Dataset excerpt:
[Start of Attachment]

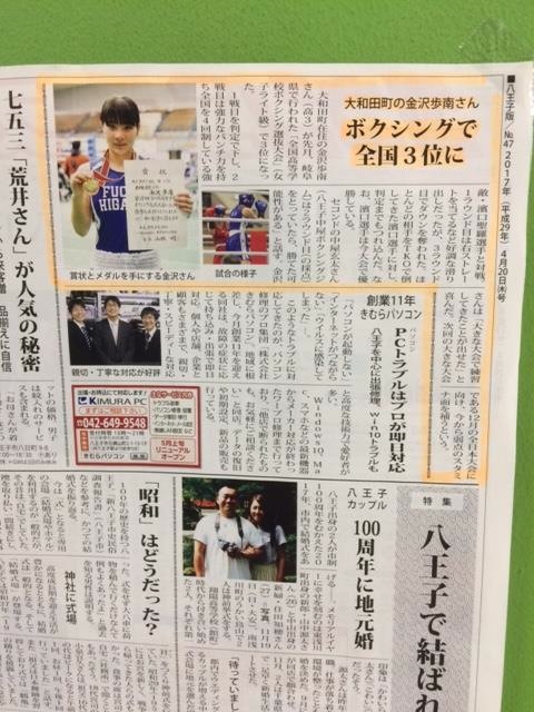 先日、岐阜県で行われた全国選抜大会で3位となった金沢歩南選手が取材を受け、『八王子版タウンニュース』さん記事を掲載して頂いております〜
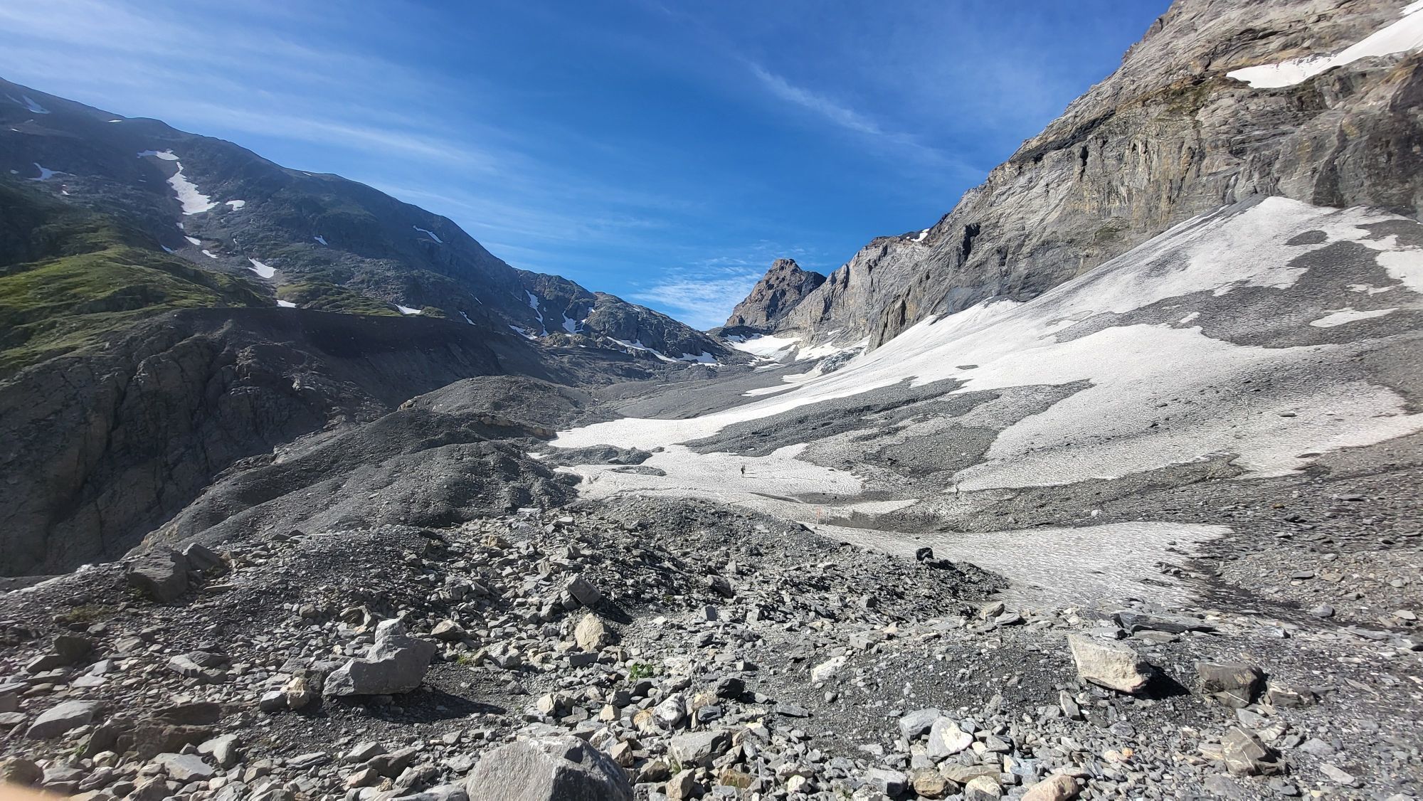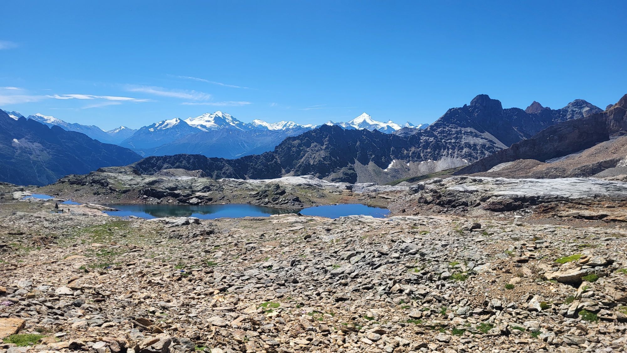 From Lauchernalp, start this beautiful hike with the ascent to the Lötschen Pass. With a summit at 2,690 m above sea level, crossing the Lötschen Pass demands a good deal of endurance. In return, the view of the mountains around the Lötschental and Kandertal is all the more magnificent. Especially the view over to the mighty Bietschhorn and beyond the Rhone Valley to the Mischabel group is breathtaking. At the Lötschen Pass, you reach the Lötschen Pass hut. Here you can recharge your strength for the descent into the Lötschental (overnight stay in the Lötschen Pass hut is also possible). On the descent into the Bernese Oberland hike, you cross the Lötschen glacier, which is covered over long stretches with gravel and stones of all colors. Here and there, the blue ice gleams through. Meltwater gurgles through small channels, and in some places the water has carved deep, winding grooves through which it rushes until it disappears into a hole. However, the glacier is easily passable with hiking boots. The path then leads steeply down into the Gasterntal to Selden, from where the bus takes you back to Kandersteg.
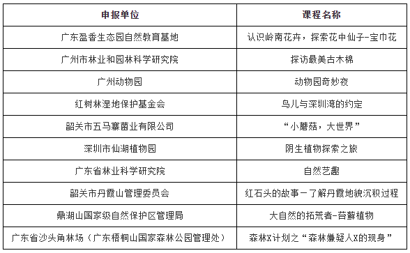 2022年广东省优秀自然教育课程
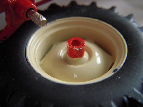 - une roue arrière ne tient pas visée. L'embout sur la roue est légèrement fissuré.

[End of Attachment]

To do: An exact restatement is expected of the lines from the line containing "From Lauchernalp, start" to the end of the data above, pictures excluded.

Result of the exercise:
 From Lauchernalp, start this beautiful hike with the ascent to the Lötschen Pass. With a summit at 2,690 m above sea level, crossing the Lötschen Pass demands a good deal of endurance. In return, the view of the mountains around the Lötschental and Kandertal is all the more magnificent. Especially the view over to the mighty Bietschhorn and beyond the Rhone Valley to the Mischabel group is breathtaking. At the Lötschen Pass, you reach the Lötschen Pass hut. Here you can recharge your strength for the descent into the Lötschental (overnight stay in the Lötschen Pass hut is also possible). On the descent into the Bernese Oberland hike, you cross the Lötschen glacier, which is covered over long stretches with gravel and stones of all colors. Here and there, the blue ice gleams through. Meltwater gurgles through small channels, and in some places the water has carved deep, winding grooves through which it rushes until it disappears into a hole. However, the glacier is easily passable with hiking boots. The path then leads steeply down into the Gasterntal to Selden, from where the bus takes you back to Kandersteg.
 2022年广东省优秀自然教育课程
 - une roue arrière ne tient pas visée. L'embout sur la roue est légèrement fissuré.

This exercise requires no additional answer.